ベルナルド・ベルトルッチはその後も、坂本を音楽担当として立て続けに起用している。デブラ・ウィンガーとジョン・マルコヴィッチ主演の「シェルタリング・スカイ」(1990)、キアヌ・リーヴス主演の「リトル・ブッダ」(1993)。先に挙げた「ラストエンペラー」と合わせて、この3作は「オリエント3部作」と言われている。

その間にも、リドリー・スコット監督の「ブラック・レイン」(1989)に楽曲提供。(映画音楽はハンス・ジマー)
本作は日本を舞台にしており、坂本には出演のオファーもあったそう。だが、アルバム制作の優先とキャラクターの違いから断ったらしい。確かにコワモテの刑事かヤクザだらけの作品で、日本の俳優陣もコワモテ揃いだった。
その中でも際立っていたのが悪役として登場した松田優作。主演のマイケル・ダグラスとアンディ・ガルシアを相手に存在感を見せつけた。(本作が、松田にとっての遺作となる)

この流れで紹介したいのが、「御法度」(1999)。
「戦場のメリークリスマス」で一緒だった大島渚監督とビートたけし主演、そして故・松田優作の長男である松田龍平のデビュー作が本作。幕末の新選組で男色に目覚める妖艶な若者を演じた松田龍平が話題となった本作に、坂本が音楽を添えた。きっと思い入れがあったに違いない。

その後もブライアン・デ・パルマ監督の「ファム・ファタール」(2002)、市川準監督の「トニー滝谷」(2004)、アレハンドロ・ゴンザレス・イニャリトゥ監督の「バベル」(2006)、三池崇史監督の「一命」(2011)、山田洋次監督の「母と暮せば」(2015)など、洋画に邦画にとコンスタントに楽曲提供や映画音楽を手がけている。

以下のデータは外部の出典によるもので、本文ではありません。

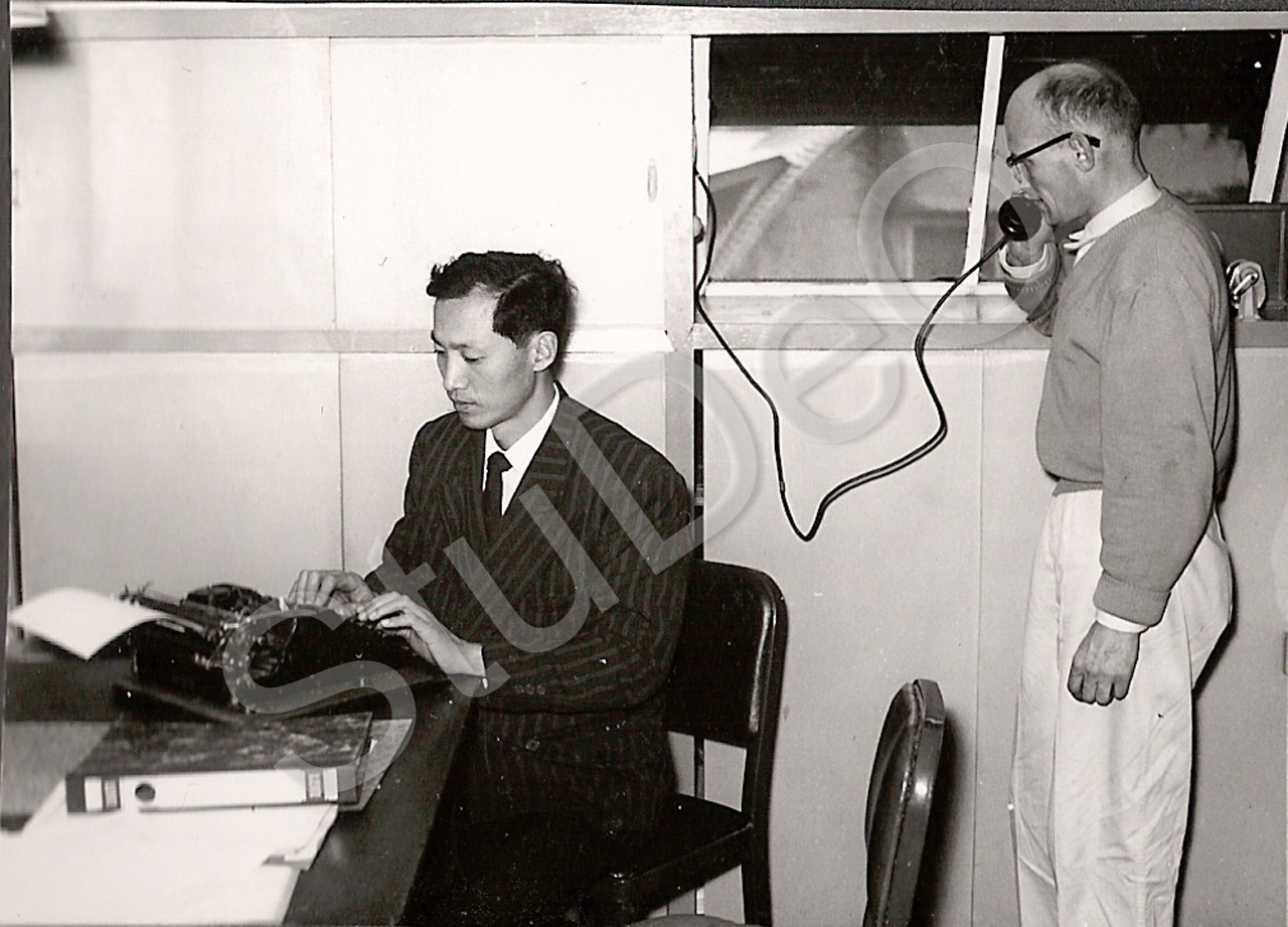 Beschreibung: Dt. Rote Kreuz Hospitals Pusan. Herren Simon Hou und Prüfer, Leiter des Fuhrparks?
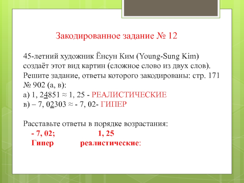 45-летний художник Ёнсун Ким (Young-Sung Kim) создаёт этот вид картин (сложное слово из двух слов). Решите задание, ответы которого закодированы: стр. 171 № 902 (а, в):
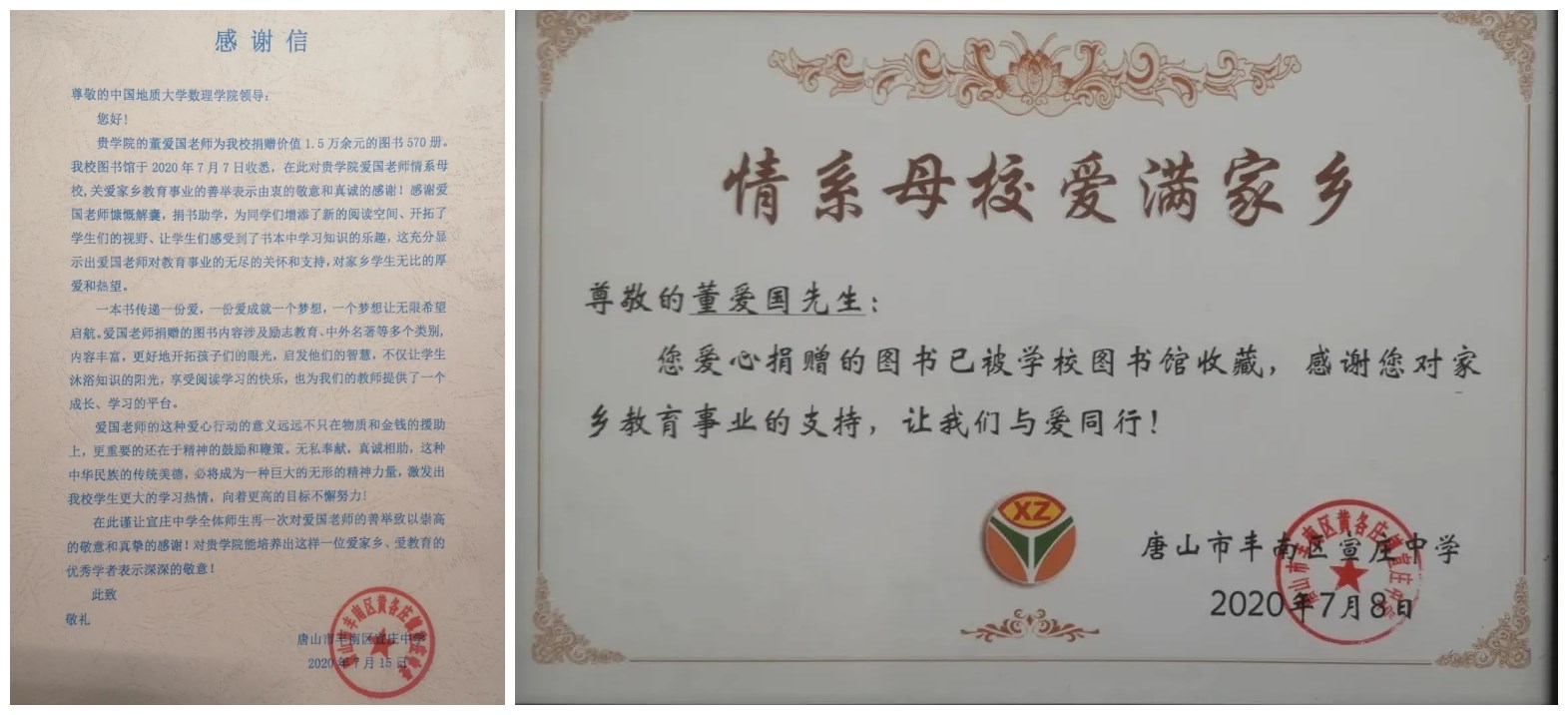 在关注学生成长的同时,董老师也牵挂着偏远地区的孩子。自2010年起,他每年都为贫困地区的孩子们邮寄爱心包裹,赠送学习用品和各类图书,在他办公室的墙上贴着许多受助孩子的回信,他们稚嫩真诚的言语是对董老师公益心的最好见证。今年疫情期间,董老师向青海化隆县知海买小学和母校河北省唐山市宣庄中学分别捐赠图书200册和570册,价值近2万元,并收到了受助学校的感谢信。与此同时,董老师还积极参加由我校毕业生发起的名师讲堂公益行活动,为来自不同地区的20多名小学生网上讲授书画入门课程,丰富孩子们的学习生活。

アレハンドロ・ゴンザレス・イニャリトゥと再び組んだ作品「レヴェナント 蘇えりし者」(2015)。アカデミー賞で、監督賞を受賞。そしてレオナルド・ディカプリオが5度目のノミネートにしてようやく主演男優賞を受賞した記念すべき作品となった。

李相日監督「怒り」(2016)でも、日本アカデミー賞にて妻夫木聡が最優秀助演男優賞を受賞し、その他の主要部門でもほぼ優秀賞を受賞するという作品の高評価、興行的にもヒットする。